Puede ayudar a controlar los síntomas, especialmente como parte de un patrón de estilo mediterráneo que mejora la calidad de la alimentación y puede contribuir al control del peso en la artrosis. No puede curar la artritis ni sustituir la atención reumatológica. La artritis reumatoide, la artritis psoriásica, la gota y la artrosis necesitan planes médicos diferentes, aunque la base alimentaria se solape.
¿Puede la comida reducir la inflamación tanto como los AINE?
No. Los AINE son medicamentos con un efecto farmacológico definido y riesgos que requieren un uso adecuado. El aceite de oliva, el pescado, las verduras y las especias son herramientas dietéticas de apoyo, no sustitutos equivalentes por dosis. No deje de tomar los antiinflamatorios prescritos porque un plan de comidas parezca más saludable.

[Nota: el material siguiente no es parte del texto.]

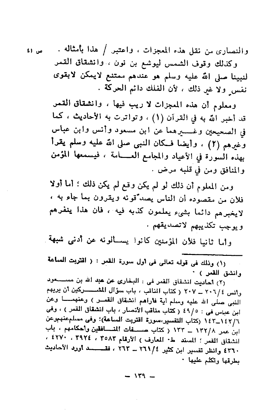 والنصارى من نقل هذه المعجزات واعتبر هذا بأمثاله وكذلك وقوف الشمس ليوشع بن نون وانشقاق القمر لنبينا صَلَّى اللَّهُ عَلَيْهِ وَسَلَّمَ هو عندهم ممتنع لا يمكن لا بقوى نفس ولا غير ذلك لأن الفلك دائم الحركة ومعلوم أن هذه المعجزات لا ريب فيها وانشقاق القمر قد أخبر الله به في القرآن وتواترت به الأحاديث كما في الصحيحين وغيرهما عن ابن مسعود وأنس وابن عباس وغيرهم وأيضا فكان النبي صَلَّى اللَّهُ عَلَيْهِ وَسَلَّمَ يقرأ بهذه السورة في الأعياد والمجامع العامة فيسمعها المؤمن والمنافق ومن في قلبه مرض ومن المعلوم أن ذلك لو لم يكن وقع لم يكن ذلك أما أولا فلأن من مقصوده أن الناس يصدقونه ويقرون بما جاء به لا يخبرهم دائما بشيء يعلمون كذبه فيه فإن هذا ينفرهم ويوجب تكذيبهم لا تصديقهم وأما ثانيا فلأن المؤمنين كانوا يسألونه عن أدنى شبهة

¿El aceite de pescado es tan bueno como comer pescado azul?
El aceite de pescado puede ser apropiado en casos seleccionados, especialmente para quienes no comen pescado, pero importan la dosis, la calidad del producto, el riesgo de sangrado, los efectos gastrointestinales y las interacciones con medicamentos. El pescado azul ofrece una matriz alimentaria con proteína y micronutrientes, a la vez que sustituye otras proteínas animales. Consulte a un profesional sanitario antes de usar aceite de pescado en dosis altas si toma anticoagulantes, tiene una cirugía prevista o padece un trastorno hemorrágico.

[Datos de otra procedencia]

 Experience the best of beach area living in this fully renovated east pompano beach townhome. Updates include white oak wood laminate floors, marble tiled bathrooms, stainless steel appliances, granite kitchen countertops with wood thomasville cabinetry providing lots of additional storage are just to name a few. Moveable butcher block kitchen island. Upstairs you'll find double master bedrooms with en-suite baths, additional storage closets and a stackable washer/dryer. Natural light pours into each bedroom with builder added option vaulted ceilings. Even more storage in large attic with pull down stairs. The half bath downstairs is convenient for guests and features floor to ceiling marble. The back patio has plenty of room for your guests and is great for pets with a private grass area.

¿La cúrcuma realmente reduce la hinchazón articular y debería tomarla con pimienta negra?
Los suplementos de curcumina han mostrado potencial para los síntomas de artritis reumatoide en intervenciones controladas, pero los suplementos varían mucho en dosis y absorción. La cúrcuma culinaria es segura para muchas personas como condimento. La pimienta negra puede aumentar la absorción, pero la piperina puede alterar el metabolismo de los medicamentos; evite autoadministrarse productos de cúrcuma y piperina en dosis altas si toma medicación habitual, tiene enfermedad de la vesícula biliar o está embarazada sin orientación clínica.

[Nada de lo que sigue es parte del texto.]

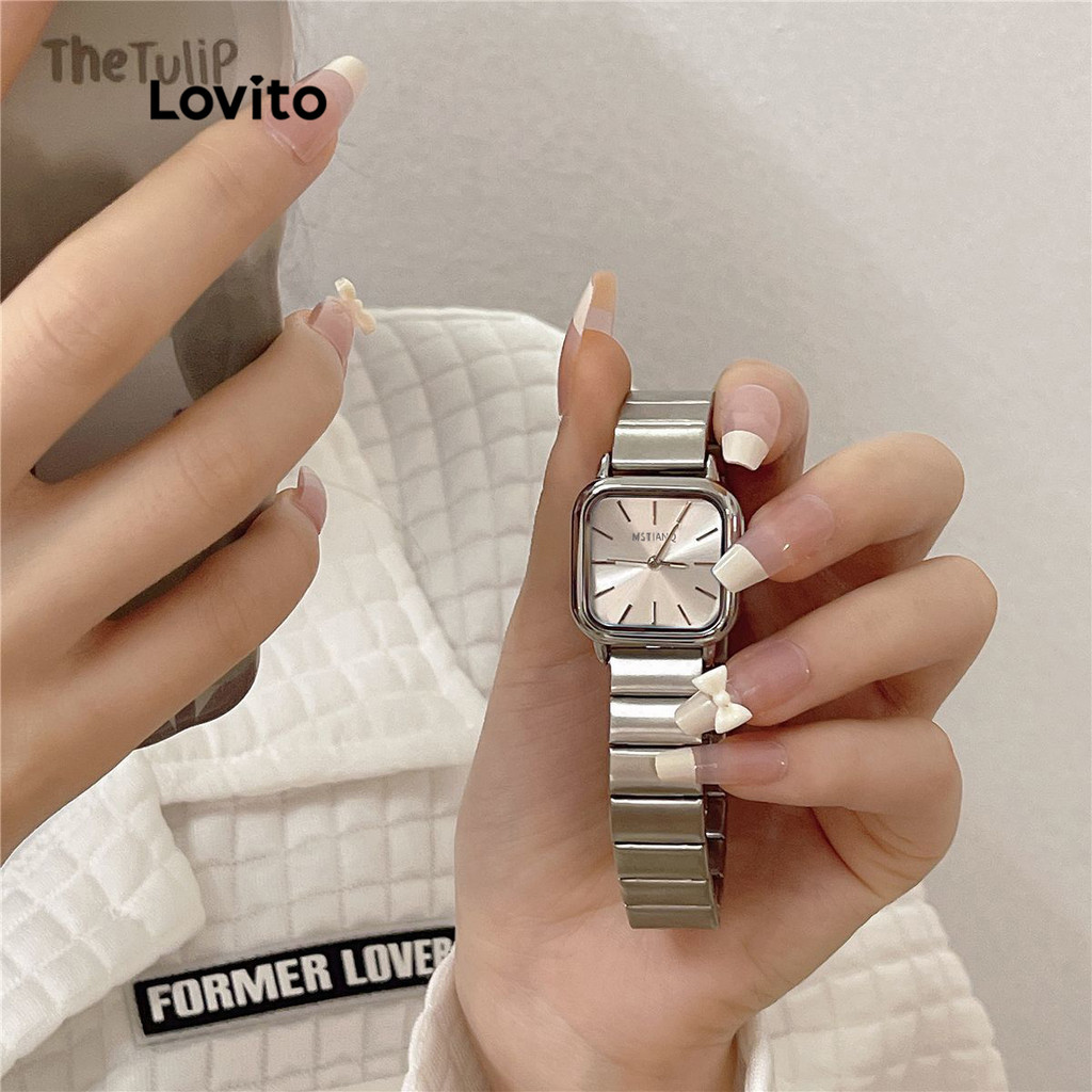 Lovito Relógio Casual De Quartzo Com Textura Lisa E Metal Digital De Quartzo Para Mulheres LNA13090 (Prata)

¿Cuánto pescado, frutos secos, legumbres, fruta y verduras debería comer cada semana?
Un patrón práctico para adultos consiste en dos comidas con pescado a la semana, un pequeño puñado de frutos secos o semillas la mayoría de los días, alubias o lentejas al menos tres veces por semana e idealmente con mayor frecuencia, fruta una o dos veces al día y verduras en dos o más comidas diarias. Su apetito, necesidades energéticas, función renal, tolerancia digestiva y plan de tratamiento pueden requerir modificaciones.
Este contenido se basa en investigación sobre nutrición clínica y planificación práctica de comidas. Tiene únicamente fines informativos y no constituye asesoramiento médico. Consulte a un profesional sanitario cualificado antes de hacer cambios importantes en su rutina alimentaria.